:: What needs to be done ::
Below are records to transcribe exactly, without their pictures.

:: Supplied information ::
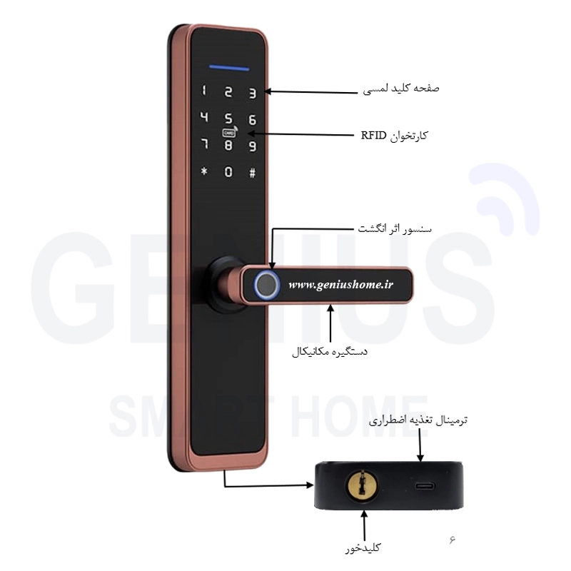نگران پایان ناگهانی شارژ باتریها نباشید. زیرا در صورت کاهش شارژ باتریها، با هر بار بازگشایی قفل، دستگیره به شما هشدار تعویض باتریها را اعلام میکند. از سوی دیگر در شرایطی که فراموش نمودید اقدام به تعویض باتریها نمایید، از طریق ترمینال تغذیه اضطراری و اتصال آنی دستگیره هوشمند به پاوربانک میتوانید قفل دستگیره هوشمند را بازگشایی نمایید.
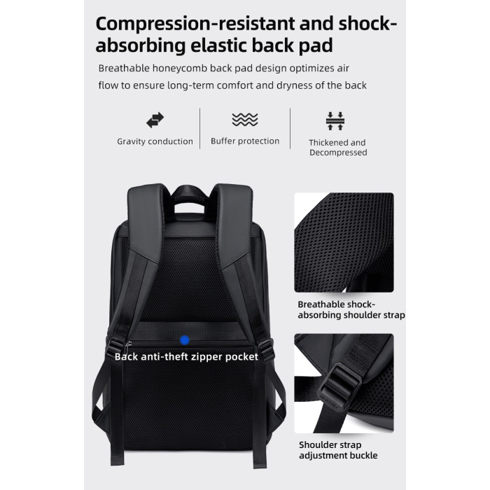 GOLDEN WOLF τσάντα πλάτης GB00707 με θήκη laptop 15.6", 21L, μαύρη
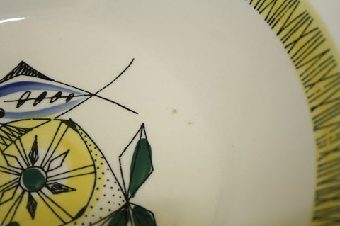Flamingo ildfastserie fra Stavangerflint i Norge. Skål med ører. Nr.2011/2. Højde 5 cm. Omkreds med ører 24 cm. 2 brændingsfejl se foto 2. Pris: SOLGT
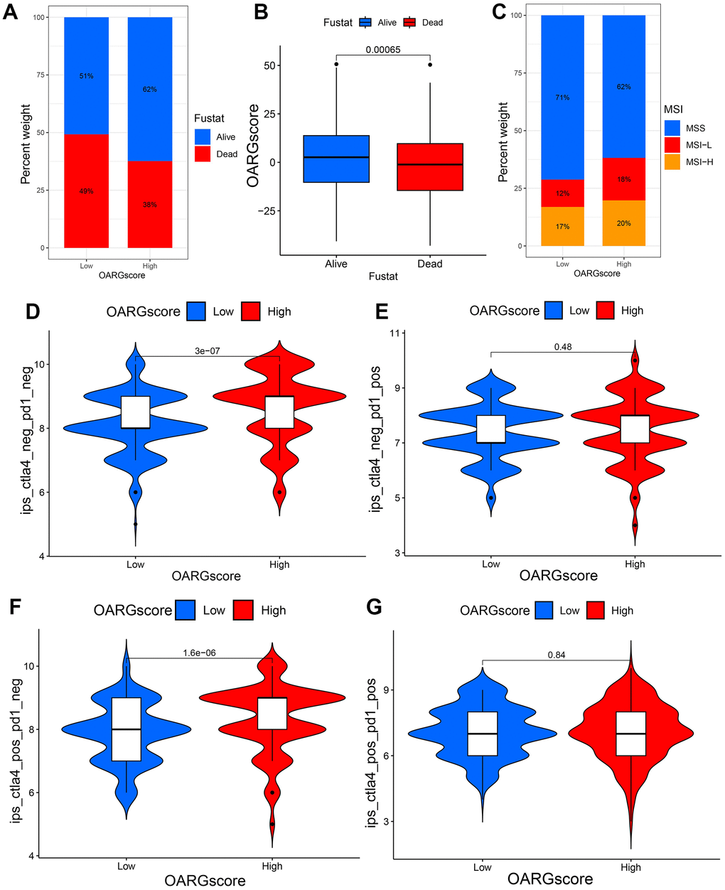 We looked at the effect of OARGscore in predicting immunotherapy response in the TCGA cohort since patients had comprehensive immunotherapy information. The findings indicate that individuals with high OARGscore experienced considerable therapeutic advantages and had significantly higher survival rate (Figure 8A, 8B). Microsatellite instability-high (MSI-H) is a potential predictor of immunotherapy response targeting PD-1 or its ligand PD-L1 [44]. We found that MSI-H made up a sizable amount of the high-OARGscore group (Figure 8C). The effects of CTLA-4/PD-1 inhibitor therapy were different for the groups with high and low-OARGscore, as shown in Figure 8D–8G. The high-OARGscore group had higher IPS scores, indicating that they were predicted to be more immunogenic on ICIs and more likely to benefit from immunotherapy. These findings imply that OARGscore can be employed to forecast patient immunotherapy response.
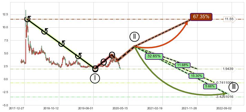 ➣ 高概率大级别循环下跌浪被破坏,反转向上(突破5浪起点)概率67.35%
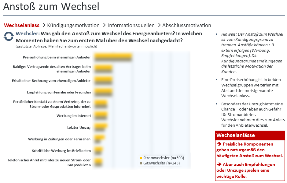 Mit der Vertriebskanalstudie Energie wird jährlich anhand von Befragungen mit echten Strom- und Gaswechslern der Wechselprozess vom Anlass bis zum Abschlusskanal transparent gemacht.
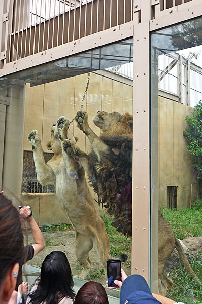 激しい争いのライオンのえさやりを見たり・・・。

:: Written response ::
نگران پایان ناگهانی شارژ باتریها نباشید. زیرا در صورت کاهش شارژ باتریها، با هر بار بازگشایی قفل، دستگیره به شما هشدار تعویض باتریها را اعلام میکند. از سوی دیگر در شرایطی که فراموش نمودید اقدام به تعویض باتریها نمایید، از طریق ترمینال تغذیه اضطراری و اتصال آنی دستگیره هوشمند به پاوربانک میتوانید قفل دستگیره هوشمند را بازگشایی نمایید.
 GOLDEN WOLF τσάντα πλάτης GB00707 με θήκη laptop 15.6", 21L, μαύρη
Flamingo ildfastserie fra Stavangerflint i Norge. Skål med ører. Nr.2011/2. Højde 5 cm. Omkreds med ører 24 cm. 2 brændingsfejl se foto 2. Pris: SOLGT
 We looked at the effect of OARGscore in predicting immunotherapy response in the TCGA cohort since patients had comprehensive immunotherapy information. The findings indicate that individuals with high OARGscore experienced considerable therapeutic advantages and had significantly higher survival rate (Figure 8A, 8B). Microsatellite instability-high (MSI-H) is a potential predictor of immunotherapy response targeting PD-1 or its ligand PD-L1 [44]. We found that MSI-H made up a sizable amount of the high-OARGscore group (Figure 8C). The effects of CTLA-4/PD-1 inhibitor therapy were different for the groups with high and low-OARGscore, as shown in Figure 8D–8G. The high-OARGscore group had higher IPS scores, indicating that they were predicted to be more immunogenic on ICIs and more likely to benefit from immunotherapy. These findings imply that OARGscore can be employed to forecast patient immunotherapy response.
 ➣ 高概率大级别循环下跌浪被破坏,反转向上(突破5浪起点)概率67.35%
 Mit der Vertriebskanalstudie Energie wird jährlich anhand von Befragungen mit echten Strom- und Gaswechslern der Wechselprozess vom Anlass bis zum Abschlusskanal transparent gemacht.
 激しい争いのライオンのえさやりを見たり・・・。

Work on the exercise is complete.